Biological Computer Laboratory

The Biological Computer Laboratory (BCL) was a research institute of the Department of Electrical Engineering at the University of Illinois at Urbana-Champaign. It was founded on 1 January 1958 by the then Professor of Electrical Engineering Heinz von Foerster. He was head of the BCL until his retirement.

The focus of research at the BCL was systems theory and specifically the area of self-organizing systems, bionics, and bio-inspired computing; that is, analyzing, formalizing, and implementing biological process using computers. The BCL was to the ideas of Warren McCulloch and the Macy Conferences, as well as many other thinkers in the field of cybernetics.

In the first decade of its existence, the BCL was primarily a non-teaching research lab. Although students could work at the BCL, they were not trained.
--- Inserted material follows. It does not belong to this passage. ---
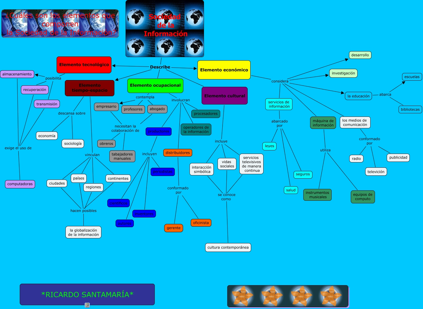 Este Cmap, tiene información relacionada con: sociedad de la información, Elemento económico considera los medios de comunicación, Elemento tiempo-espacio descansa sobre sociología, Elemento ocupacional involucran procesadores, Elemento cultural incluye servicios televisivos de manera continua, Elemento tiempo-espacio descansa sobre economía, productores incluyen cientìficos, Elemento cultural incluye vidas sociales, abogado necesitan la colaboración de tabajadores manuales, servicios de información abarcado por leyes, ciudades hacen posibles la globalización de la información, Elemento tiempo-espacio vinculan regiones, servicios televisivos de manera continua se conoce como cultura contemporánea, la educación abarca bibliotecas, Elemento económico considera servicios de información, Elemento tiempo-espacio vinculan ciudades, interacción simbólica se conoce como cultura contemporánea, Elemento ocupacional involucran operadores de la información, almacenamiento exige el uso de computadoras, Sociedad de la Información Describe Elemento ocupacional, transmisión exige el uso de computadoras

Until 1965, many researchers had a visiting professorship at the BCL: W. William Ainsworth (England), Alex Andrew (England), W. Ross Ashby (England), Gordon Pask (England), Gotthard Günther (USA, Germany), Dan Cohen (Israel), Lars Löfgren (Sweden), Humberto Maturana (Chile), Francisco Varela (Chile), Ernst von Glasersfeld (Germany), Stafford Beer (England), John C. Lilly (USA). Ashby (since 1961) and Günther (1967) received regular professors, and Löfgren Pask remained even after her visiting professorship in constant contact with the BCL.

The BCL was financed primarily by grants. Partly this came from military organizations such as U.S. Air Force and U.S. Navy which, in the 1950s and 60s, possessed large budgets for basic research. Non-military donors included Department of Health, Education and Welfare, Public Health Service, National Institutes of Health, National Science Foundation, Wenner-Gren Foundation for Anthropological Research, New York, National Aeronautics and Space Administration, Electronics Research Center, Boston, Massachusetts Office of Education, Bureau of Research, Washington, DC and Point, San Francisco, California. With the beginning of the 1970s, military research funding became limited to projects that provided militarily useful results, and Heinz von Foerster was able not to identify adequate sponsors.

In 1974, the BCL was closed due to lack of research funds.

Sources

Books

Albert Muller, Karl Muller (eds), An Unfinished Revolution?: Heinz von Foerster and the Biological Computer Laboratory / BCL 1958-1976, Edition Echoraum, 2007.